Da sempre, la leadership rappresenta una qualità imprescindibile per guidare e inspirare gli individui verso il raggiungimento di obiettivi comuni.

Non è un caso che dopo decenni di modelli di leadership, molto spesso orientati alle performance o al rispetto delle regole, quella che sta tornando in auge oggi è la leadership gentile: un approccio che pone al centro l’importanza nel promuovere la motivazione, riconoscendo il grande valore intrinseco dell’interazione empatica e rispettosa tra i membri di uno stesso team.

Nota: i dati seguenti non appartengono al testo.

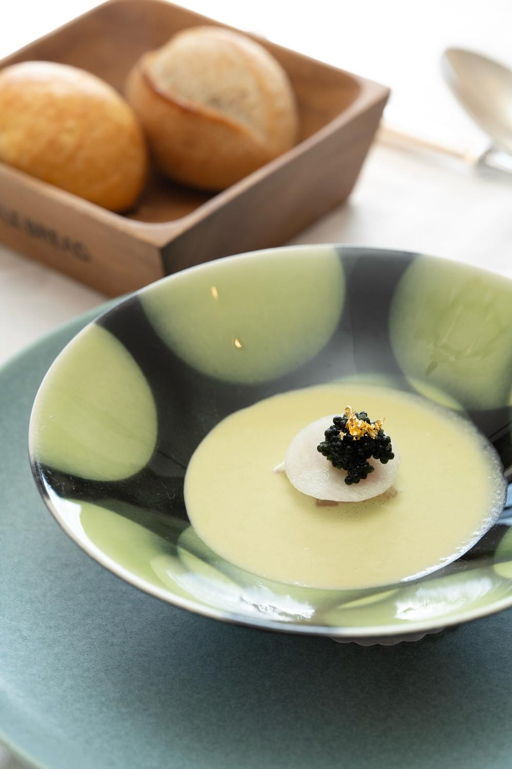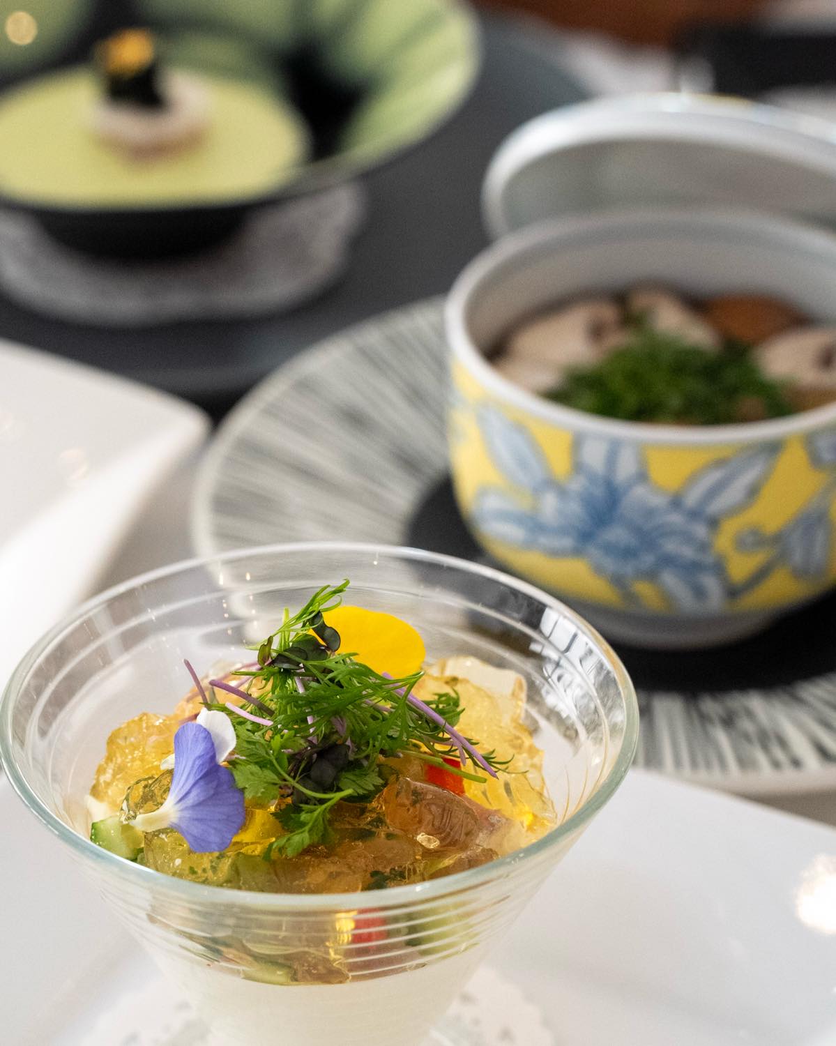 - 千葉県産鯵のタルタル カリフラワーのクーリ きのこたっぷりコンソメスープ
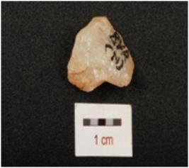 | Description / विवरण | A flake made on quartz stone, flake scars on surface and smooth surface. |
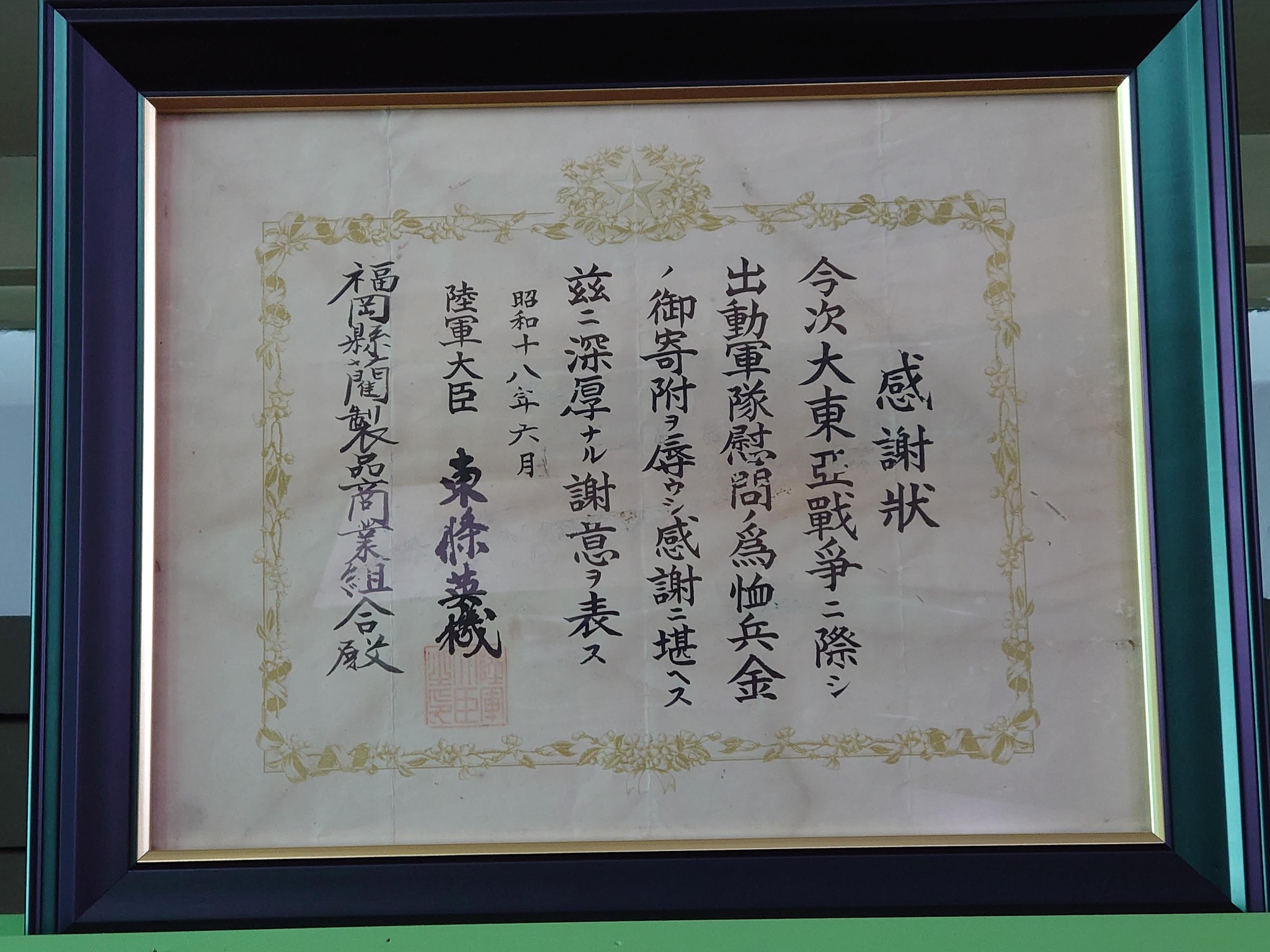 なんと!時の陸軍大臣(後に首相)東條英機が署名した感謝状もあります。

Uno stile di leadership senz’altro innovativo ma forse non troppo.

Difatti, già con il “nuovo umanesimo aziendale” abbiamo assistito all’emergere di un concetto cruciale, che sottolinea l’importanza delle persone all’interno delle organizzazioni. Un nuovo modo di concepire l’azienda e le organizzazioni in senso più ampio, dove la persona si trova al centro delle decisioni aziendali e dove la valorizzazione delle differenze rappresenta il vero valore aggiunto.

Allo stesso modo, la leadership gentile non enfatizza il controllo autoritario, ma piuttosto si concentra sul sostenere e far emergere le capacità di ciascuno.

Ed è per questo che si distingue per la sua capacità di adottare un approccio collaborativo, basato sull’ascolto e la condivisione, che passa non dai risultati ma dalla promozione, da parte del leader, di una cultura di fiducia, rispetto e gratitudine.

Dunque, i risultati non hanno più un peso?
Un autentico leader gentile comprende che ottenere risultati è importante, ma pone sempre al primo posto il benessere, impegnandosi nel creare le condizioni favorevoli affinché le persone possano autodeterminarsi e raggiungere gli obiettivi con consapevolezza e determinazione. Tuttavia, bisogna tenere bene a mente che essere un leader gentile non significa dire sempre sì ma, anzi, rendersi conto che un “no” empatico, molto spesso, può essere più prezioso di un “si”.

Uno stile di leadership che abbraccia obiettivi condivisi, risultati tangibili, rispetto e condivisione. Sono proprio queste le caratteristiche che rendono attrattiva un’azienda, dove i giovani talenti riescono a riconoscere un ambiente nel quale esprimere appieno il proprio potenziale e sentirsi valorizzati.

Il fenomeno della “great resignation” che ha visto crescere in modo esponenziale la sua percentuale nel nostro Paese, a partire dal post-pandemia, ha senz’altro confermato la necessità per le persone di ridisegnare le proprie priorità e il lavoro è stato sicuramente l’indicatore più impattante.

Sono diversi gli studi che stanno analizzando il fenomeno delle grandi dimissioni e i motivi sembrano essere molteplici: dall’aspetto economico ad una grande fetta che durante il lockdown ha riscoperto il grande valore del tempo libero, non volendo più rinunciarvi, andando così alla ricerca di un luogo di lavoro che possa conciliare il più possibile i tempi di vita privata-lavoro.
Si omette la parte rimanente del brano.